While studying at Oxford, Dykes had met Sir Michael Foster, who instilled in him a passion for studying irises. After he moved to Godalming, he created a large garden to grow irises. When Foster died in 1907, Dykes received the loan of a large collection of Foster's notes for a comprehensive study of irises that he had been unable to complete before his death. Dykes took over this study and completed it, a process that formed the basis for his first book, Irises (1909), a volume in the series Present-Day Gardening. A smallish book, it focuses on the decorative uses of the iris as a garden plant but also contains plenty of scientific information.

By 1910, Dykes was being interviewed by Garden Life magazine as an expert amateur and recognised authority on iris cultivation. In his own garden, he had developed an extensive collection embracing most known species. He had several bulb frames.

In 1911, Dykes travelled to the South of France, in Hyères in Var, in search of irises that he had read about, where he discovered Iris spuria var. maritima. It was later published in his 1913 book The Genus Iris. During this period, he also worked with retired engineer and plant breeder Arthur J. Bliss (1862–1931) to breed several hybrids.

Dykes undertook a formal study of the iris genus at the botanical library at Kew Gardens Herbarium. He also examined hundreds of iris species specimens at other collections, including the British Museum, Oxford Botanical Garden, Cambridge Botanic Garden, Edinburgh Botanic Garden, Berlin Botanical Garden, Vienna Hofmuseum and Jardin des plantes. In 1913, he published his second book, The Genus Iris, in which he created the first classification of irises according to Linnaeus's botanical system. In 1924, he was awarded the Veitch Memorial Medal in recognition of the importance of this book in the field of horticulture. Although a landmark in its day, it is now considered out-of-date taxonomically. Iris classification was improved by George H.M. Lawrence (in 1953), then by Georgi Rodionenko (in 1961) and Brian Mathew (in 1981).

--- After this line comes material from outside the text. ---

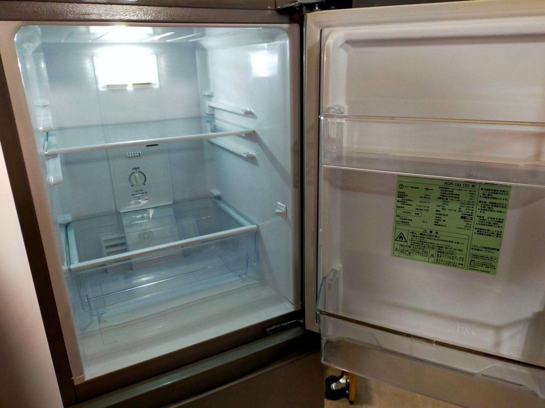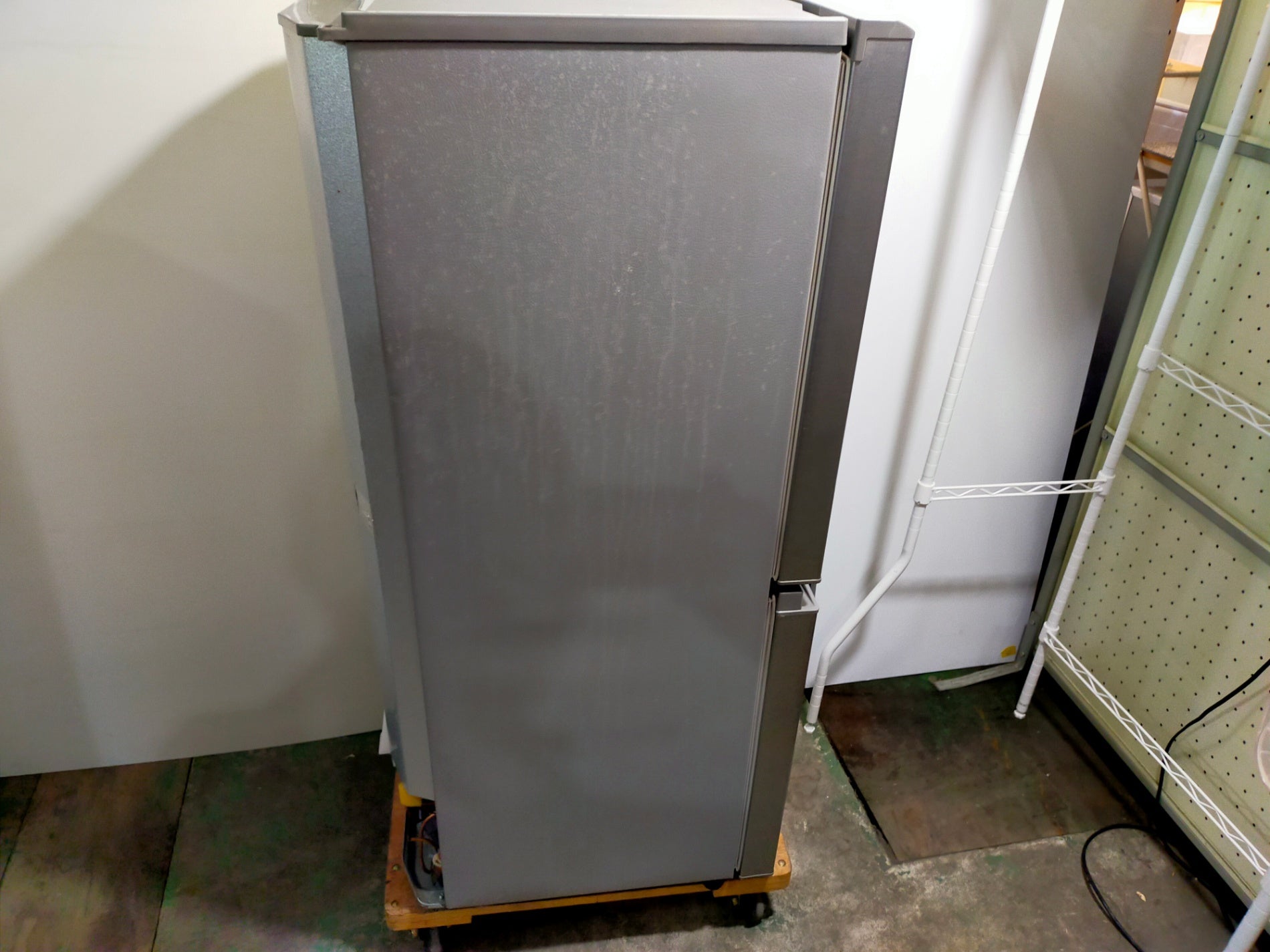 電源に繋ぎ半日以上動作させ、冷凍室・冷蔵室の各室が十分に冷える事を確認しております。庫内・外装ともに簡易清掃済みです。 上ドアに小キズ、左側面に目立つ汚れ痕、庫内ドアポケットにヒビがございます。その他使用感はございますが目立つ大きなダメージはなく、比較的きれいなお品かと思います。

The Genus Iris had 48 full-color plates made from watercolors by F.H. Round and painted from plants in Dykes's own garden. Dykes knew Round because he was an assistant drawing master at Charterhouse. Round later commented that, during iris season, Dykes would show up "in his dressing gown" at 5 in the morning with an iris in hand, expecting the painting to be made immediately while the bloom was still fresh. He said that the drawings for Dykes "were easy and comfortable to do."

In April 1913, Dykes took a trip to Dalmatian coast, visiting Sarajevo, Clissa, Mostar and Bosnia. He walked and climbed to collect specimens of irises, which he had heard about from other collectors and sources.

In 1914, he published his third book on irises, Handbook of Garden Irises. It contains a large amount of information on iris species. That same year, he was interviewed by Country Life magazine on the subject of iris, discussing such species as Iris xiphiodes (the English iris), Junos, and Iris reticulata.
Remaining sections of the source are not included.